EXTERNAL SECURITY INVOKER TRUSTED ${AUTH_OBJECT} is used only for Kerberos authentication: for a detailed description of how to configure Kerberos, see Kerberos Support.

If the Presto host is located on 192.0.2.3, a minimal foreign server definition is as follows:

CREATE FOREIGN SERVER presto_server
USING
  HOSTTYPE('NVP')
  TemporaryTableCatalog('querygrid')
  DB_HOST('192.0.2.3')
DO IMPORT WITH syslib.teradata_to_presto_import,
DO EXPORT WITH syslib.teradata_to_presto_export;

See the sections below for more information on the required and optional configuration parameters.

Required Name Value Pairs

The following required name value pairs (NVPs) must be added to the USING clause. NVPs are specified with the form NVP_NAME(‘value’) – e.g. HOSTTYPE(‘NVP’).

HOSTTYPE
For T2P, this is the string ‘NVP’.
TemporaryTableCatalog
The name of the Presto connector installed for T2P. In most cases, this will be ‘querygrid’, unless in connector_installation a name other than querygrid.properties was used for the configuration file.
DB_HOST
The IP address or hostname of the Presto coordinator, accessible from the Teradata hosts. This value must match the host provided in the data-exchange.coordinator.host-and-port property in the Presto configuration in connector_installation.

Optional Name Value Pairs

Additional name value pairs (NVPs) may be needed to connect the Teradata and Presto servers. These NVPs can be specified after the required NVPs with the form NVP_NAME(‘value’) – e.g. DB_PORT(‘8081’).

DB_PORT
The port on which the Presto coordinator is running, accessible from the Teradata hosts. This value must match the port number provided in http-server.http.port (or http-server.https.port, for Kerberos). If not specified, the default is 8080.
TRANSPORT_COORDINATOR_PORT
The port used by T2P to transfer data. This value must match the port number provided in the data-exchange.server.port property in the Presto configuration. If not specified, the default is 21337.
DB_NAME
The Presto catalog that the Teradata foreign server will query. To determine the possible catalogs, run SHOW CATALOGS on Presto; to add new catalogs, see the Presto connector documentation. If not specified, the default is hive.
DB_USER
The user that will execute queries on Presto. This user can be used for workload management – see the Presto queue documentation for more details. If not specified, the default is qg_t2p.
dbname
The schema to query in the catalog specified by DB_NAME. When set, it is not possible to query from any other schema. Without setting this parameter, you will need to explicitly specify the schema every time you run a query.
MaximumTextLength
The maximum length of text in Unicode characters that is transferred. If a VARCHAR or TEXT value is longer than MaximumTextLength, it will be silently truncated. When importing VARCHAR columns into Teradata, their size is MaximumTextLength. The maximum row size in Teradata is approximately 64K, so for tables with many VARCHAR columns, it may be necessary to decrease this value. If not specified, the default is 4096 Unicode characters.
MaximumBinaryLength
The maximum length of binary data in bytes that is transferred. If binary data is longer than MaximumBinaryLength, an error is thrown. If not specified, the default is 4096 bytes.
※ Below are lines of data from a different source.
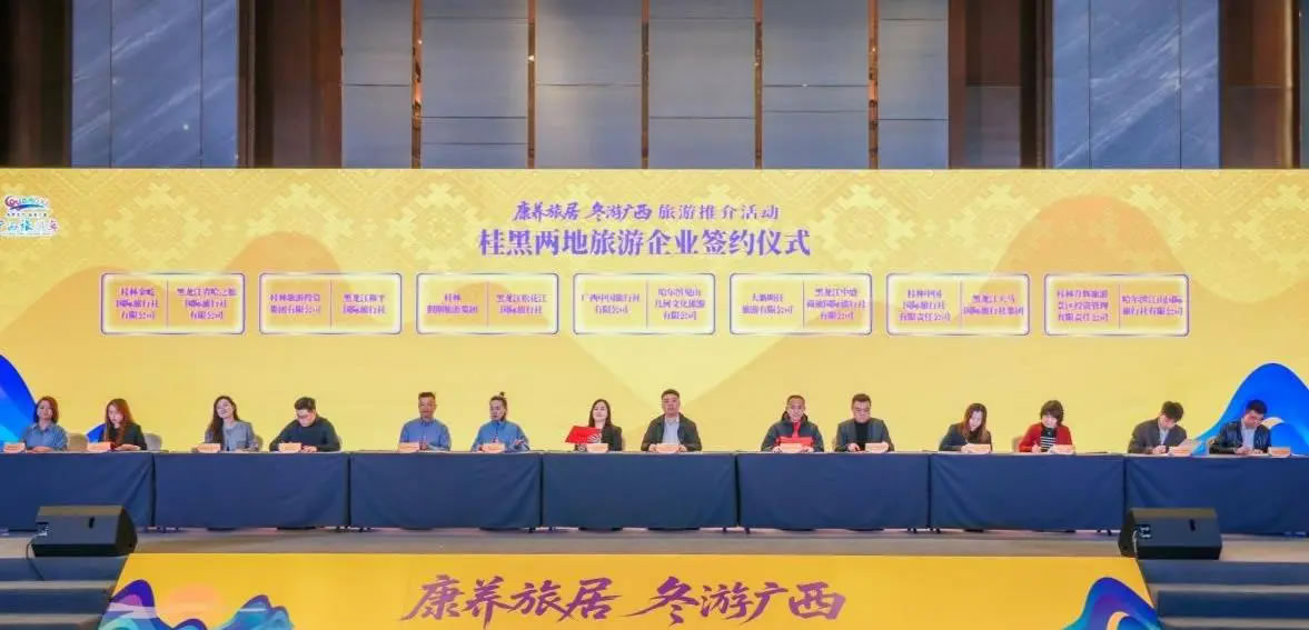 此次推介活動(dòng)吸引了100多家桂黑兩地旅游企業(yè)進(jìn)行深度交流,并開展桂黑兩地文旅企業(yè)產(chǎn)品對(duì)接會(huì),達(dá)成多項(xiàng)合作。活動(dòng)現(xiàn)場(chǎng),7家廣西旅游企業(yè)與多家黑龍江省旅游企業(yè)成功簽約。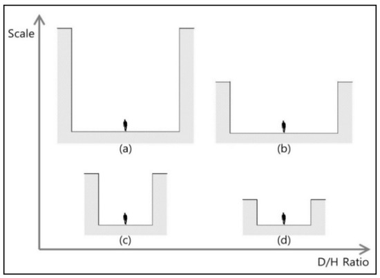 Architects and urban designers have long used the D/H ratio as a representative measure of an enclosure of an urban space such as a square or a street. For examples, Alberti suggested a D/H ratio of three to one for a proper enclosure of an urban square [16]. Lynch suggested a D/H ratio of two to one or three to one for a comfortable external enclosure [15] (p. 158). Jakle argued that when “the distance/height ratio falls below 1, space grows increasingly intimate, until eventually it is simply cramped. When distance/height equals 1, a balance is achieved, although ratios of 1, 2, or 3 are, according to Ashihara, more satisfying [17] (p. 48).” Some other researchers examined the relationship between the D/H ratios and people’s preference or perception of urban squares in quantitative ways [18,19,20]. Besides such discussions in the academia, this “ratio” theory has been broadly adopted in practice such as in design guidelines proposed by the public [21,22,23]. For example, the Scottish government suggested D/H ratios between 4:1 and 6:1 for an urban square [23]. These rules about the D/H ratios are based on the belief that the D/H ratio is a dominant design element for an enclosed square and that a square may have an ideal D/H ratio.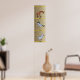 Dolls mark growth of child. Duck for 1-2 feet, Unicorn for 2-3 feet and giraffe from 4 to 5 feet. Measure child's growth against beige textured background. Yellow lines at 2 feet (measure from floor), 3, 4, and 5 feet. Inches marked between lines as 1,2,3,4,5,6,7,8,9,0,1,2 (on yellow line).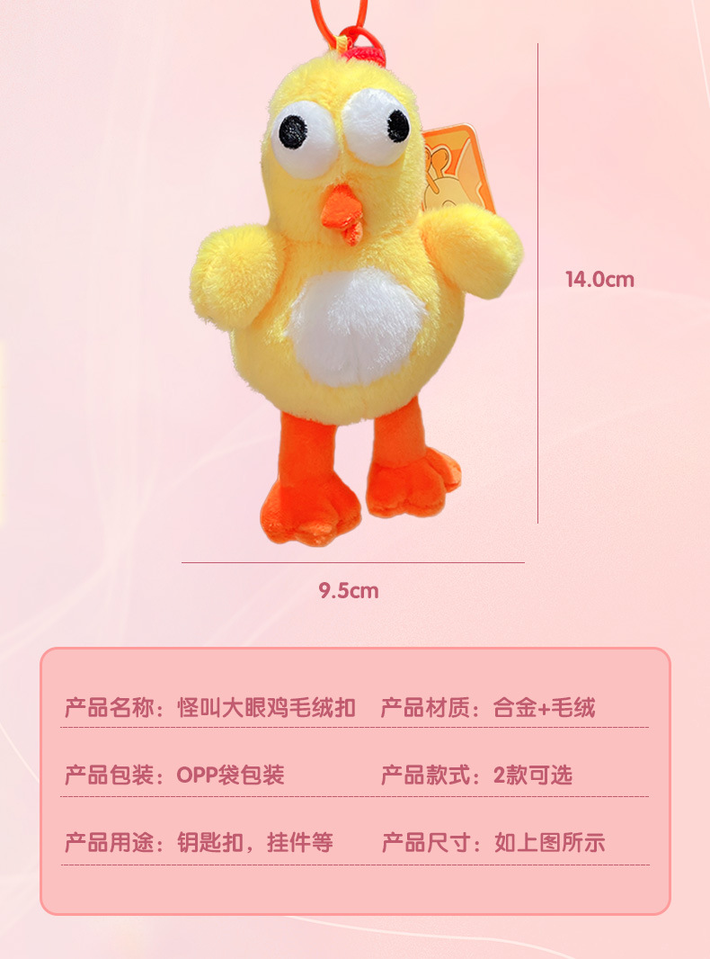 • 이상한 큰 눈 치킨 봉제 버클-노란색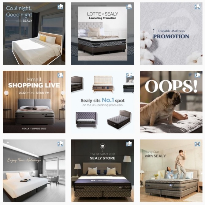 씰리침대 인스타그램은 정보 습득과 상호 소통이 모두 가능한 플랫폼으로 소비자로부터 큰 호응을 받고 있다. 씰리침대는 제품 정보와 프로모션과 같은 브랜드 이슈는 물론 인테리어 요령, 수면 습관별 매트리스 추천 가이드 등 실용적인 정보를 세련되고 감각적인 콘텐츠로 풀어냈다.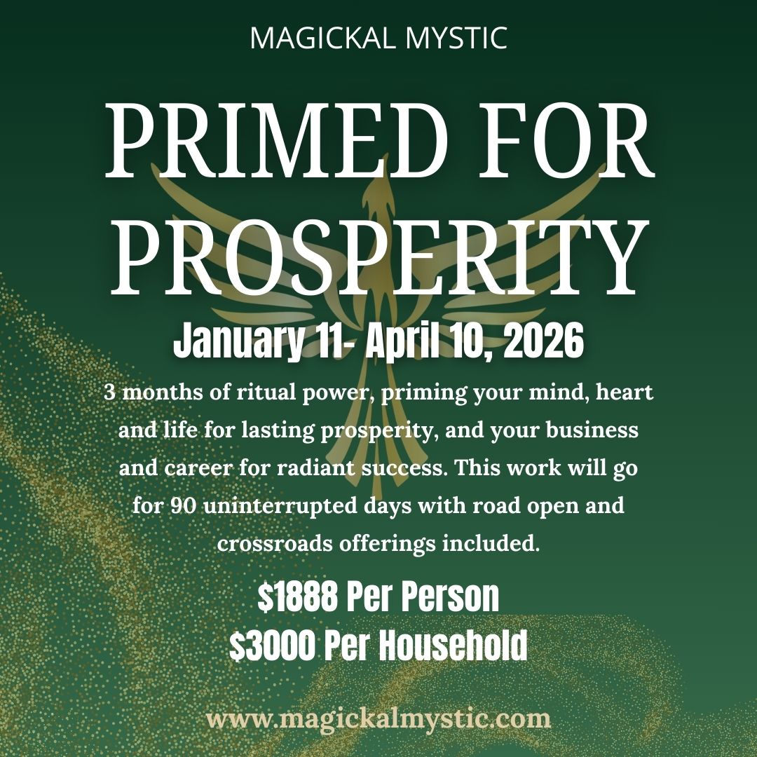 Sale! Price range: $1,888.00 through $2,200.003 months of continuous ritual working specifically for prosperity, abundance, money increase. This altar will be used only for those who join for the entirety of the 3 months. Road opening work and crossroad offerings are included for all participants. Money protection work as well as recall work is also included. $3000 covers your entire household but will not cover someone living else where. For those buying by the household, please provide the address you want covered. TIP: For those doing household, it will also include your children, no matter the age, if they live in the home. It’s a great way to shore up additional wealth energy for your child to grow in. So make sure you take advantage of that. One option is channeling the energy into a trust fund or account you already have set up for your children.

Querying Presto via a Foreign Server

While logged into Teradata as presto_user, or some other user that has access to the foreign server you created, you can issues the following commands to access data in Presto:

To see the list of schemas (databases) of a foreign server:

HELP FOREIGN SERVER presto_server;

To see the list of tables in a schema (database), e.g. db1:

HELP FOREIGN DATABASE db1@presto_server;

The Hive connector has a schema named default. When referencing this schema in any SQL statement, it needs to be quoted because default is a keyword:

HELP FOREIGN DATABASE "default"@presto_server;

To see the list of columns in a table from a foreign server:

HELP FOREIGN TABLE db1.region@presto_server;

Note

If the schema name has been provided during foreign server creation with the dbname name value pair, then you must not prefix the table name with the schema name.
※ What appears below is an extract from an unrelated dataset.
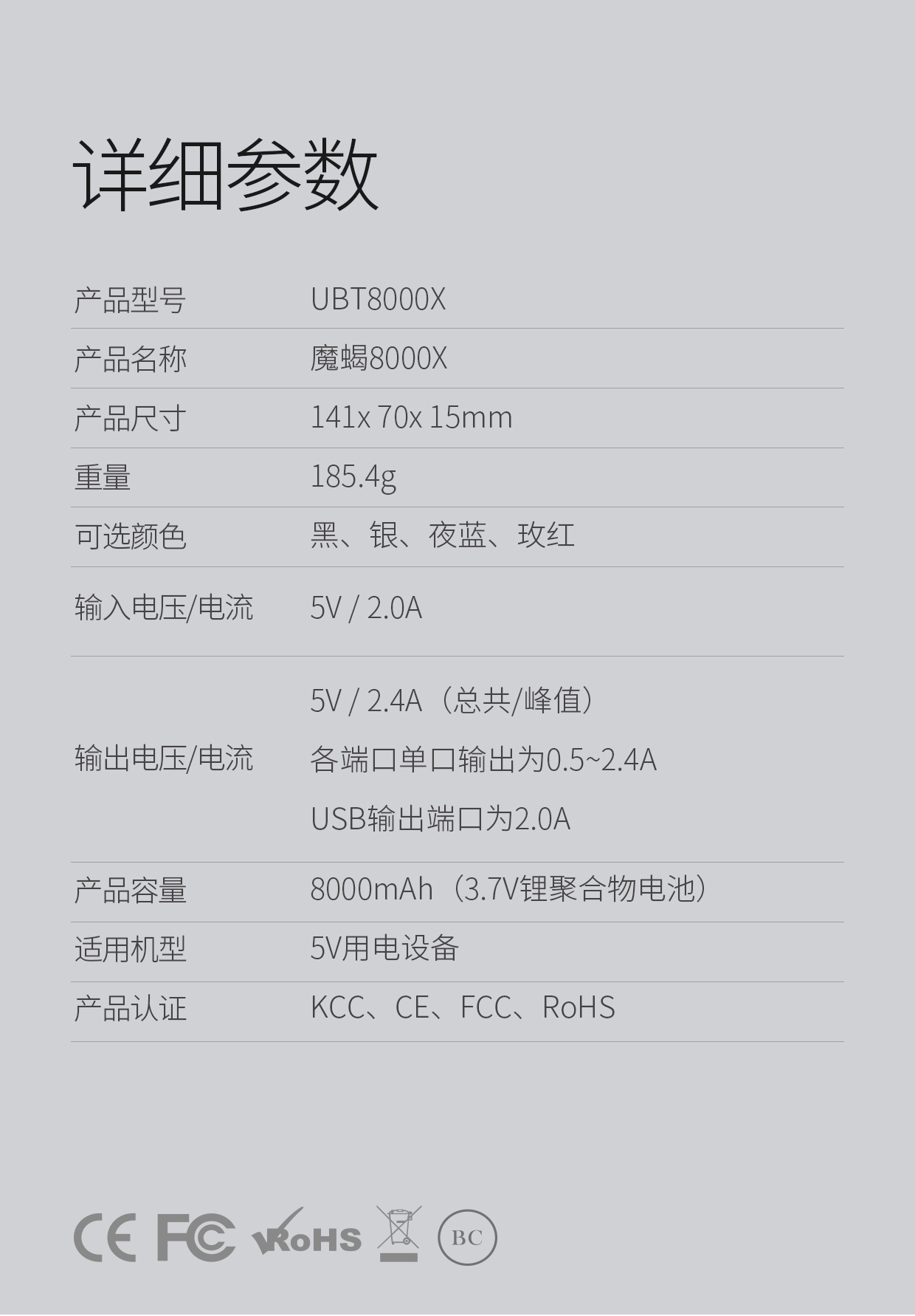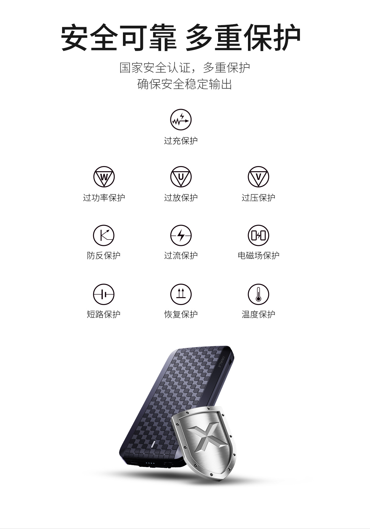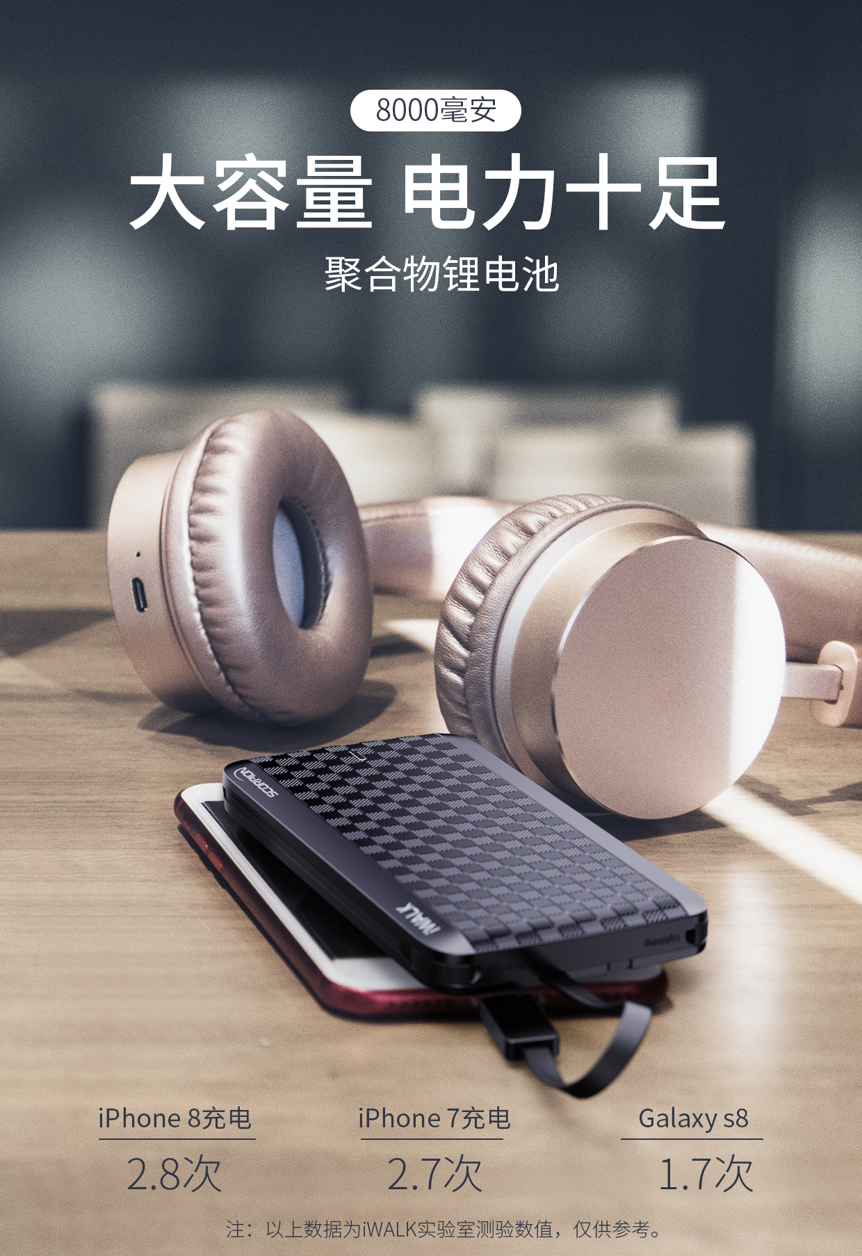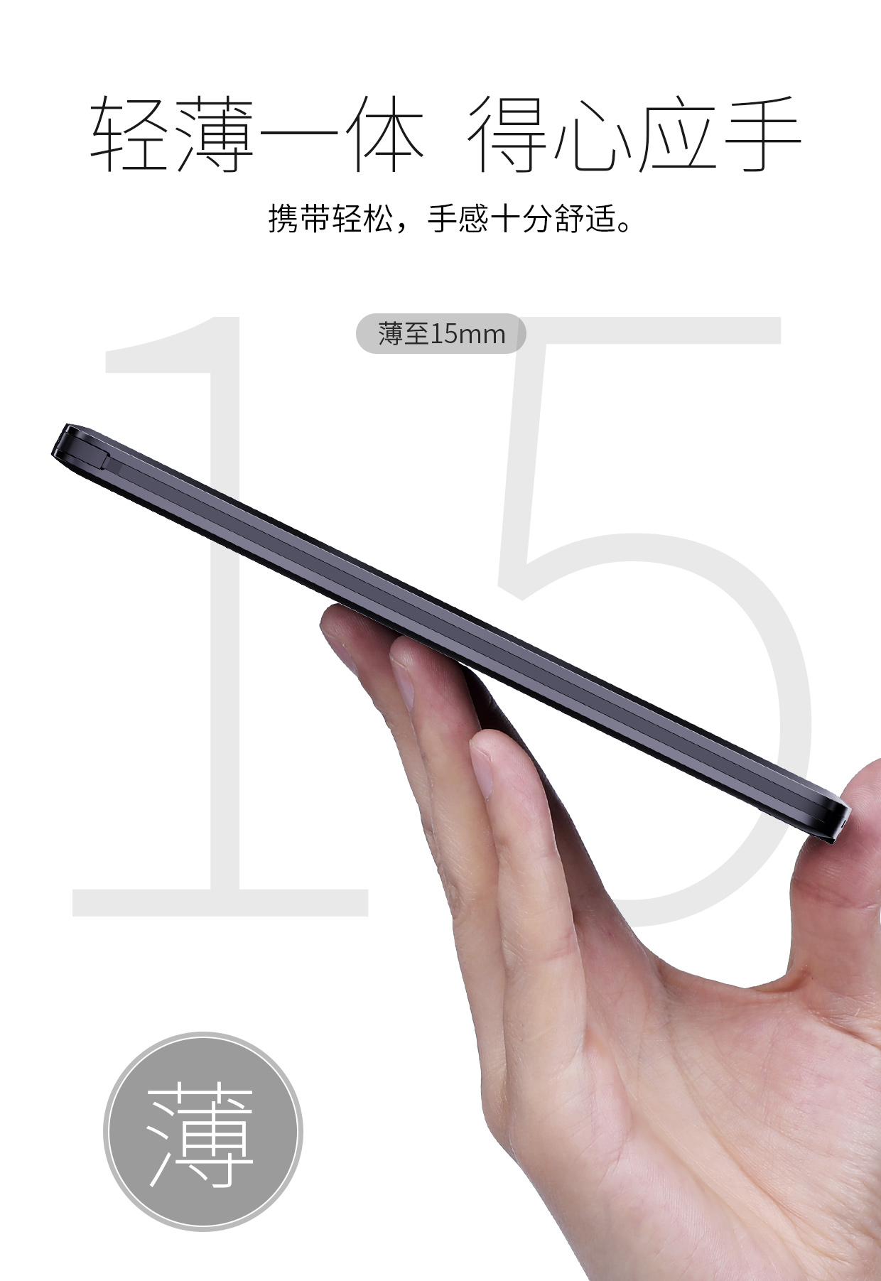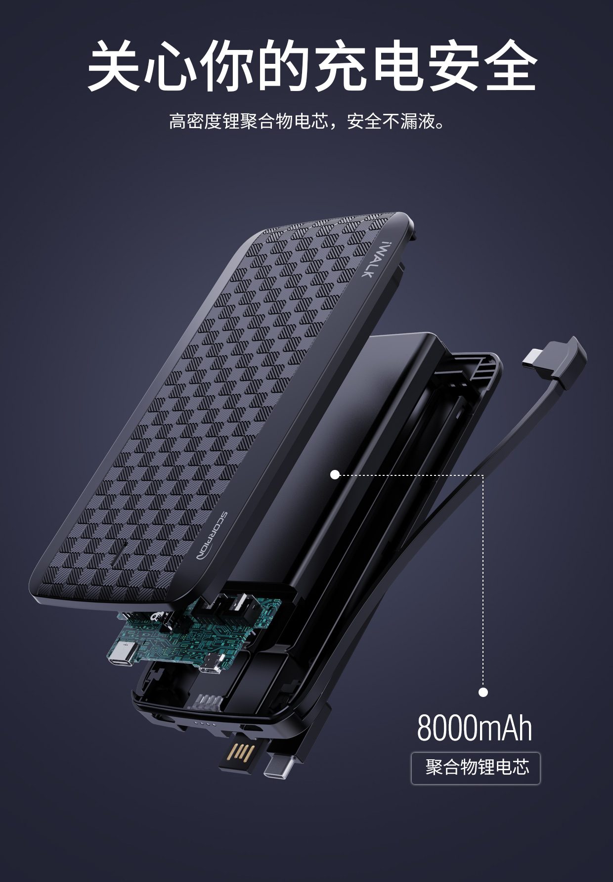 ・ 智能LED灯显示剩余电量 ・ 表面英伦风格设计,简洁时尚 ・ 自带Lightning输出线,Type-C输出线,Micro-USB输出线以及USB输入线 ・ 10重智能保护,200万美金产品质量险 ・ 边充边放(TYPE-C设备边冲边放时无快充功能) ・ 8000毫安容量 ・ 超薄身材,仅15mm ・ 支持MACbook2015款以后的TYPE-C设备充电

To select a table from Presto:

SELECT * from db1.region@presto_server;

To insert into a table in Presto:

INSERT INTO db1.region@presto_server SELECT * from region_on_teradata_table;

To run a pass-through query directly on Presto:

SELECT *
FROM FOREIGN TABLE(
   SELECT count(*) as c
   FROM nation
)@presto_server AS presto_query

When running a pass-through query, the syntax of the query is not checked at all, but the query is passed directly to Presto.

Drop Foreign Servers

To remove a foreign server, execute the following command as presto_user, or some user with DROP FOREIGN SERVER privileges on the server:

DROP FOREIGN SERVER ${FOREIGN_SERVER_NAME};

Uninstall Driver

The driver can be uninstalled only after dropping all of the foreign servers. To uninstall the driver, execute the following command as dba_user:

DATABASE syslib;

DROP FUNCTION teradata_to_presto_import;
DROP FUNCTION teradata_to_presto_export;

CALL sqlj.remove_jar('presto_teradata_driver_t2p',0);

In the installer package there is a script called uninstall_t2p.bteq that contains these commands.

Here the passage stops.